You have to distinguish the open battery voltage, the open DC voltage coming from the rectifier of the wind turbine and the loaded voltage. Lets first assume that no battery charge controller is connected and that the DC output of the rectifier isn't connected to the batteries.
If you measure the open battery voltage of a 48 V lead acid battery, it is about 48 V for a 10 % full battery and about 50.4 V for a 90 % full battery. If you measure the open voltage at the DC output of the rectifier, it depends on the rotational speed of the generator and so it depends on the wind speed. If it is a nominal 48 V wind turbine, the open voltage can easily become a factor three higher than 48 V so about 150 V at high wind speeds. How high depends on the safety system of the wind turbine. If the DC output of the rectifier is coupled to the battery, a current starts flowing as soon as the open DC voltage of the rectifier is higher than the open battery voltage. The current increases about proportional with the voltage difference but the current also depends very much on the generator size. So during charging there is only one voltage and that is the loaded voltage.
It has to be prevented that a full battery is over charged. This is normally done by a battery charge controller which consists out of a voltage controller and a dump load. This device limits the maximum charging voltage up to 2.3 V per cell and so up to 24 * 2.3 = 55.2 V for a 48 V battery. So if this voltage is reached, a part of the generated current goes into the battery and a part goes into the dump load. However, if the battery charge controller is adjusted at for instance 2.1 V per cell so at 24 * 2.1 = 50.4 V, the dump load starts extracting energy much to early.
I would do the following. Disconnect the battery charge controller and disconnect the rectifier from the battery.
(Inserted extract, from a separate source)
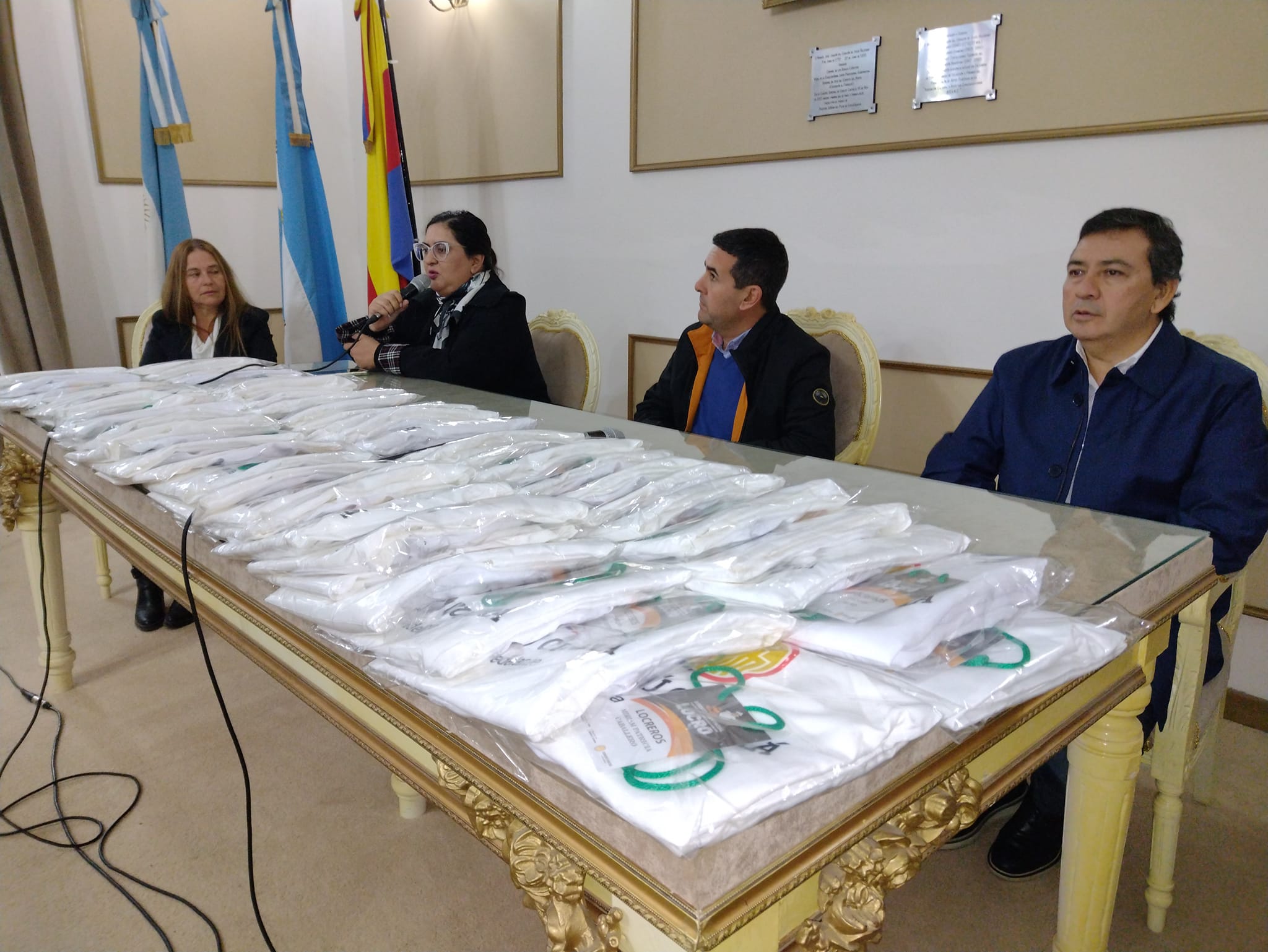 También formaron parte de la conferencia la actual Reina del Locro, el ganador de la última edición y los locreros que participarán este año a quienes las autoridades presentes le entregaron los delantales para la competencia.
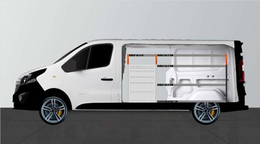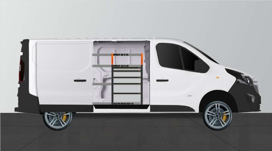 Med denne bilindretning får du meget opbevaring i både hylder og skuffer, der passer til Talento, NV300 & Trafic L2.

Measure the open DC voltage at the rectifier. You should measure an open voltage of 48 V already at a wind speed of about 3 m/s. Don't do this at high wind speeds because the you may blow your rectifier diodes if the voltage becomes very high. Next connect the DC output of the rectifier to the battery and measure voltage and current. You should see that the loaded voltage increases a little at increasing current. If you measure almost no current, it means that the generator is very small and may be too small for a rotor with a diameter of 2 m. But if the combination of rotor, rectifier and battery works nicely, you know that your problem comes from the battery charge controller.
Next, couple the battery charge controller to the battery. If this controller works nicely, the dump load of it should only take a current if the loaded voltage has reached the 55.2 V level. If it starts taking energy at a lower voltage, the adjusted maximum voltage is too low. At my website:
www.kdwindturbines.nl there is a free manual at the bottom of the list with KD-reports of a 27.6 V, 200 W battery charge controller in which this procedure is explained in detail. The maximum charging voltage of its voltage controller can be adjusted but it might be that this isn't possible for your controller.
It might also be that you think that you have a problem but that there is no problem at all. You write that you are using four 12 V, 220 Ah batteries. These are very large batteries and for a small current, the required loaded voltage is only a little higher than the open voltage. If the generator of the wind turbine is too small, it can supply only a low current of some Amps at moderate wind speeds. The charging voltage of a very large battery will hardly increase for this low current. If the batteries are charged at the same time by a big solar pannel which can supply large currents, the real charging voltage will mainly be determined by the big solar panel and so a small wind turbine will have only a very little influence on the charging voltage.